Nothing in the listing should be altered when it is copied, and no picture goes into the copy.

▶ DATASET EXTRACT
◇ ◇ ◇ ◇ ◇ ◇ ◇

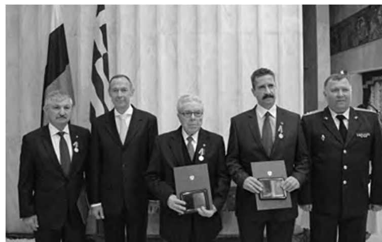
Ρώσων νεκρών υπερασπιστών της Ρωσίας» (κεντρική φωτογραφία άρθρου)

Εκ μέρους του Ρώσου υπουργού άμυνας, Σεργκέι Σοιγκού απονεμήθηκαν μετάλλια τιμής σε τρεις Έλληνες πολίτες στην Ελλάδα «για την διαιώνιση της μνήμης των
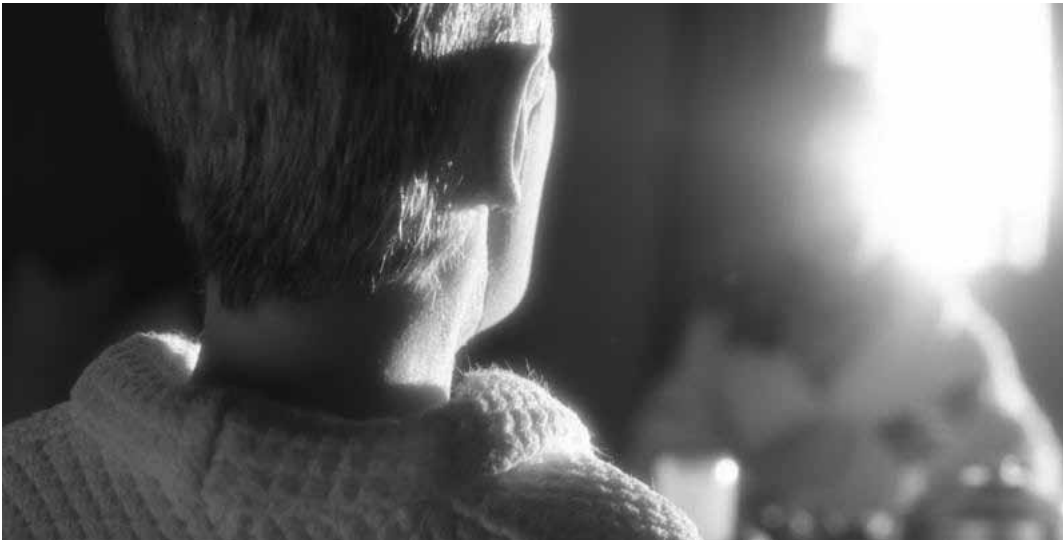
Charlie Kaufmans neuester Held muss sich in einer gesichtslosen Welt herumschlagen.

◇ ◇ ◇ ◇ ◇ ◇ ◇

▶ WRITTEN SOLUTION
Ρώσων νεκρών υπερασπιστών της Ρωσίας» (κεντρική φωτογραφία άρθρου)

Εκ μέρους του Ρώσου υπουργού άμυνας, Σεργκέι Σοιγκού απονεμήθηκαν μετάλλια τιμής σε τρεις Έλληνες πολίτες στην Ελλάδα «για την διαιώνιση της μνήμης των
Charlie Kaufmans neuester Held muss sich in einer gesichtslosen Welt herumschlagen.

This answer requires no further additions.